Ncuti Gatwa to Racist ‘Doctor Who’ Fans: ‘Go Find a Hobby’

By Emma Chance | Celebrity | April 22, 2024 |

By Emma Chance | Celebrity | April 22, 2024 |


NcutiGatwaDoctorWho.jpg

Doctor Who’s latest leading man, Ncuti Gatwa, recently sat down with Attitude magazine to talk Who, fame, racism, and self-acceptance. When asked if he kept up with the negative reactions to his casting as The Doctor, he was clear:

“No, no, no, no. I got a brief glimpse of it in initial casting, but it’s not something I’ll avidly keep up on.” Then he read the racist and homophobic haters for absolute filth, wondering:

“The hate? It is kind of fascinating to me because there’s so much energy they’re putting into it. You are so angry over something so inconsequential that you can’t be an interesting person. You can’t have much in your life. I don’t have time to do that. And so, I think they need to go find a hobby is one thing.”

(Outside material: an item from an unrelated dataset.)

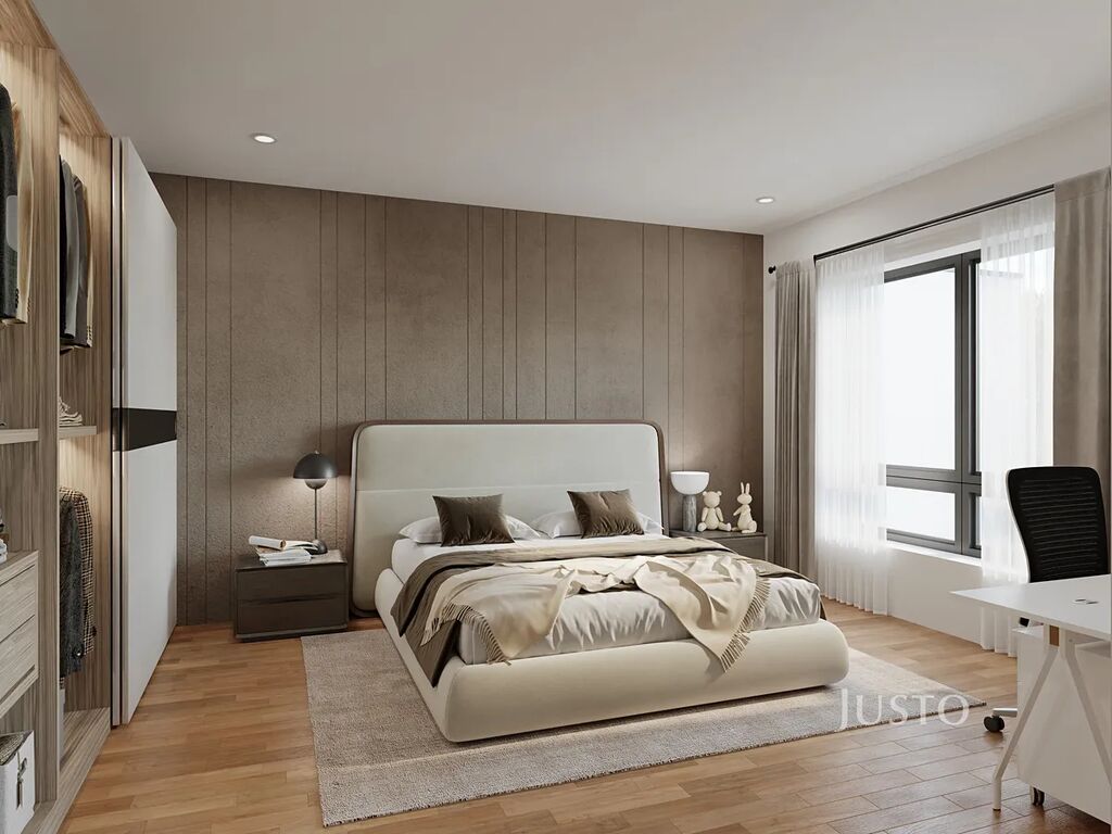 Dispozice 4+kk je řešena velmi prakticky s důrazem na soukromí a pohodlí:

But, he says, the people complaining are just afraid of change, and change is happening, if slowly.

“We do see a shift happening in casting, in positions of power and in the status quo. I mean, not a fast shift, things could tip over the other way a little bit quicker, but you see people kind of malfunctioning because things are changing.”

He reflected on his intersectional identities—Scottish, British, Black, immigrant, queer—sometimes colliding, and how he deals with it, saying, “I feel like I’ve kind of reached a place in my personal journey where I just am who I am, and that doesn’t have to change wherever I go. I just have to exist. And it’s a privilege to do so in my position because there’s many people that are in my intersections that don’t get a chance just to exist.”

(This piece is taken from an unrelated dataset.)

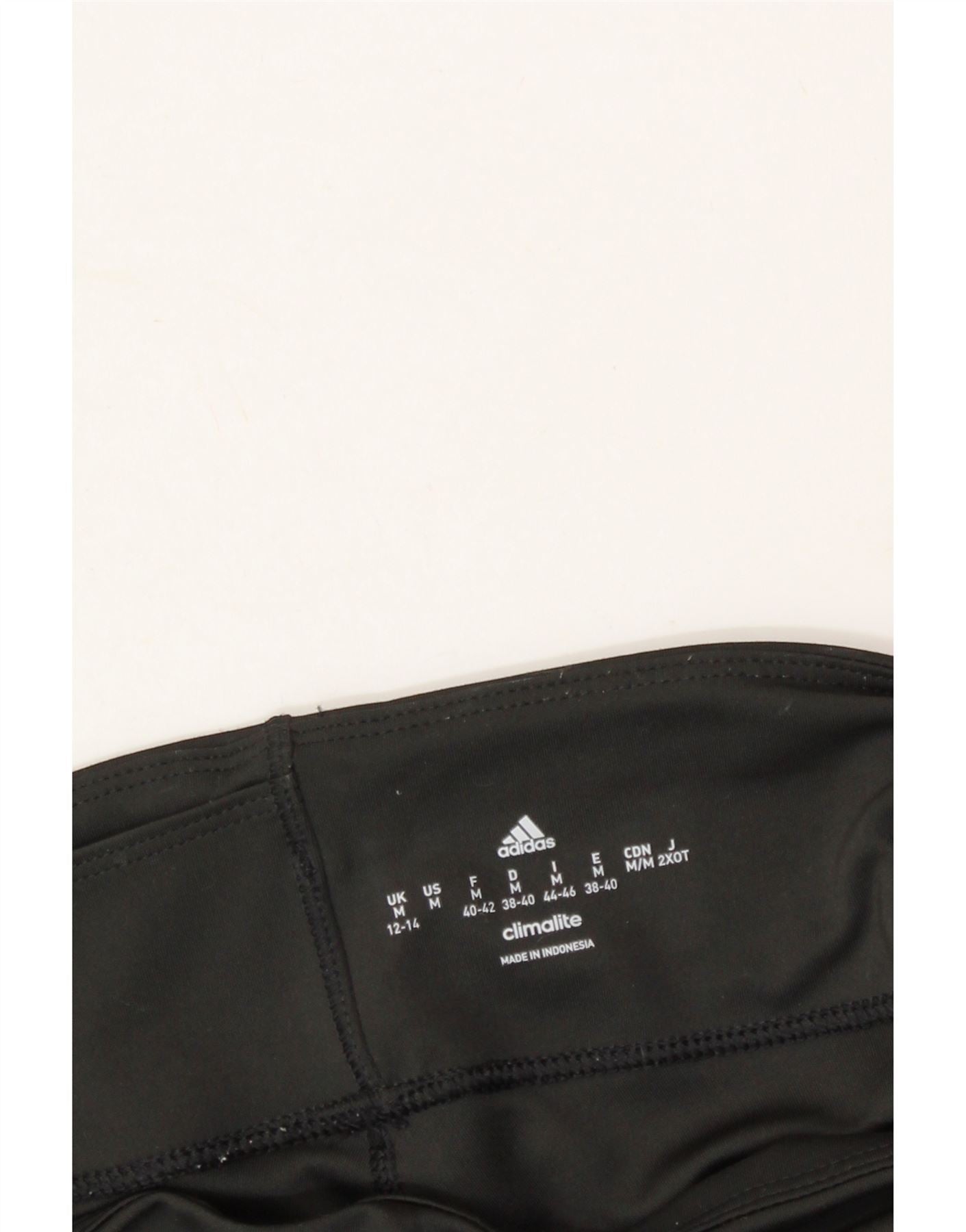 ADIDAS Womens Climalite Leggings UK 12/14 Medium Black Striped Polyester

“I think that’s the reason why I say that I struggle with hope sometimes,” he continued. “Because there’s a lot of things protecting me from the experiences that I could be having, should be having and have had. And I’m aware of that. I’m aware that my experience is not the typical Black queer experience…Just because I’ve now been cast as Doctor Who, all problems of inequality are now fixed? Things don’t work like that.”

But as of right now, he’s “learning not to care what other people think,” a hard thing to do when you’re experiencing as swift a rise to fame as he is. His breakout role as Eric in Sex Education, he says, was a “lifeline.”

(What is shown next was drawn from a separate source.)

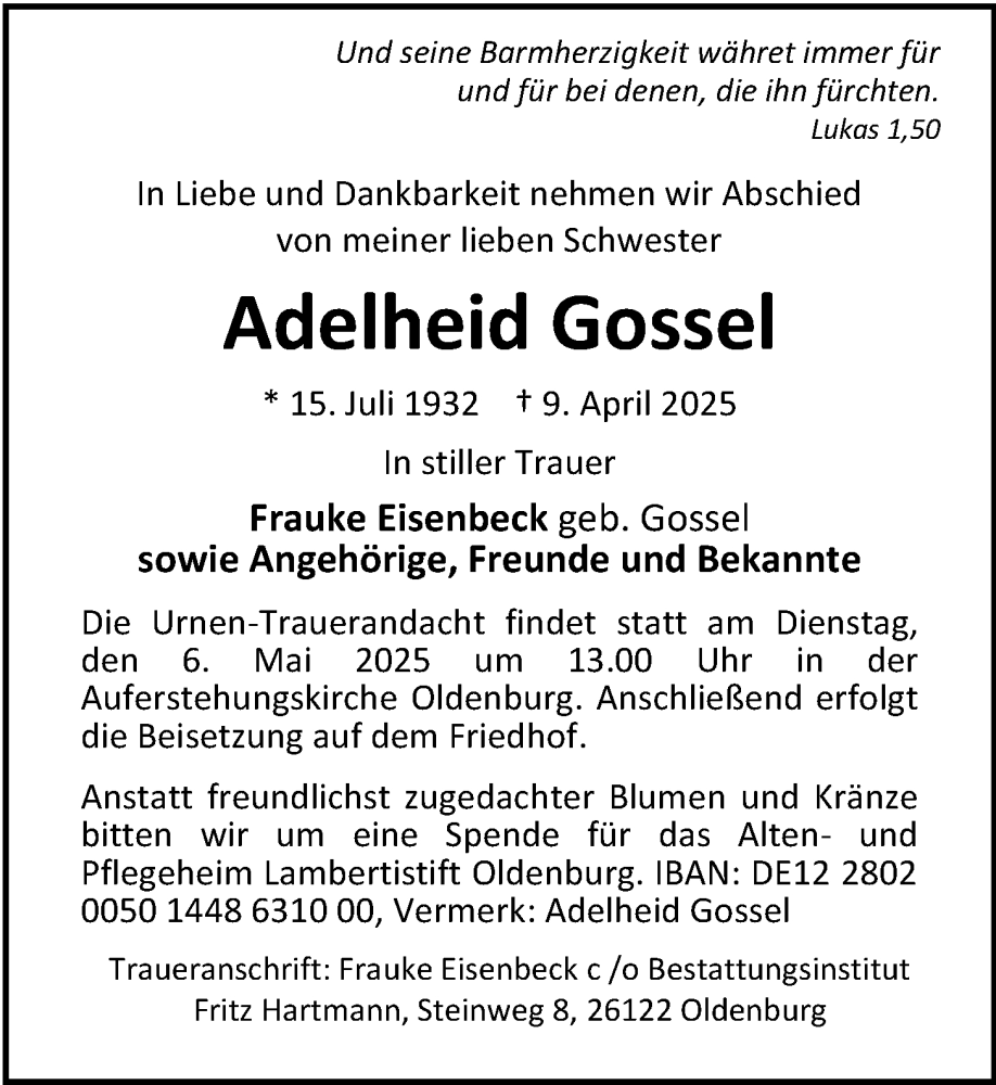 Hier finden Sie alle Traueranzeigen aus der Zeitung, die bisher für Adelheid Gossel erschienen sind. Weitere Traueranzeigen, die in der Zeitung erscheinen, werden hier ebenfalls aufgelistet

“I needed a job. I had to pay my bills. It was literally, ‘I need a fucking job.’ And it happened to be a huge Netflix gig. My agent was like, ‘You’re definitely going to be able to afford an apartment.’”

But after spending more time with the character, he says Eric “ended up being that little surprise that teaches you more than you could ever teach him…He taught me to be braver.”